Figure: CPU micro architecture diagram
Another way to express:

Figure: CPU micro architecture diagram (change)
That’s probably what it means.
It is also easy to understand literally. The calculation unit mainly performs arithmetic operations, shifting and other operations, as well as address operations and conversion; the storage unit is mainly used to save data and instructions generated in the calculation; the control unit decodes the instructions and issues control signals to complete the various operations to be performed by each instruction.
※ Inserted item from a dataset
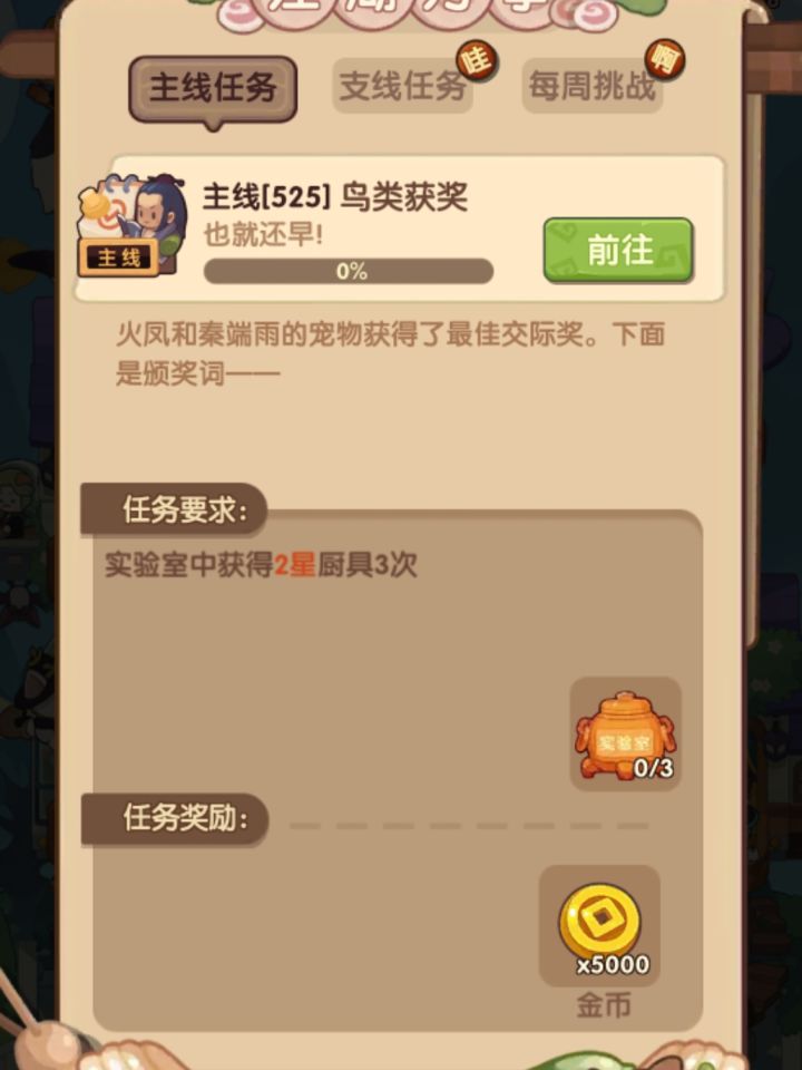 求助各位大佬!这个主线525鸟类获奖到底该怎么过呀!!!实验室里面缺少的厨具在哪里获得呢?在线等很急呜呜#爆炒江湖

Therefore, the process of an instruction being executed in the CPU is as follows: after reading the instruction, it is sent to the controller (yellow area) through the instruction bus for decoding, and a corresponding operation control signal is sent; then the operator (green area) calculates the data according to the operation instructions, and stores the obtained data into the data buffer (large blocks of orange areas) through the data bus. The process is shown in the figure below:

Figure: CPU execution instruction diagram
The CPU follows the von Neumann architecture , and its core is: stored programs and executed sequentially. In this structural diagram, the area occupied by the green area responsible for the calculation seems to be too small, while the cache cache of the orange area and the control unit of the yellow area occupy a lot of space.
Because the CPU architecture requires a lot of space to place the storage unit (orange part) and the control unit (yellow part) , in contrast, the computing unit (green part) only accounts for a small part, so it is extremely limited in large-scale parallel computing capabilities and is better at logical control.
In addition, because following the von Neumann architecture (storage programs, executed sequentially), the CPU is like a scheming butler, and it always does what people command it step by step. But as people’s demand for larger scale and faster processing speeds increases, the butler gradually becomes a little overwhelmed.
So, everyone wondered whether multiple processors can be placed on the same chip and worked together, so that the efficiency will be improved?
That’s right, the GPU was born.
GPU
Before formally explaining GPU, let’s talk about a concept – parallel computing.
Parallel Computing refers to an effective means to use multiple computing resources to solve computing problems at the same time and improve the computing speed and processing capabilities of computer systems. The basic idea is to use multiple processors to solve the same problem together, and the solved problem is broken down into several parts, each part being calculated in parallel by an independent processor.
Parallel computing can be divided into parallelism in time and parallelism in space .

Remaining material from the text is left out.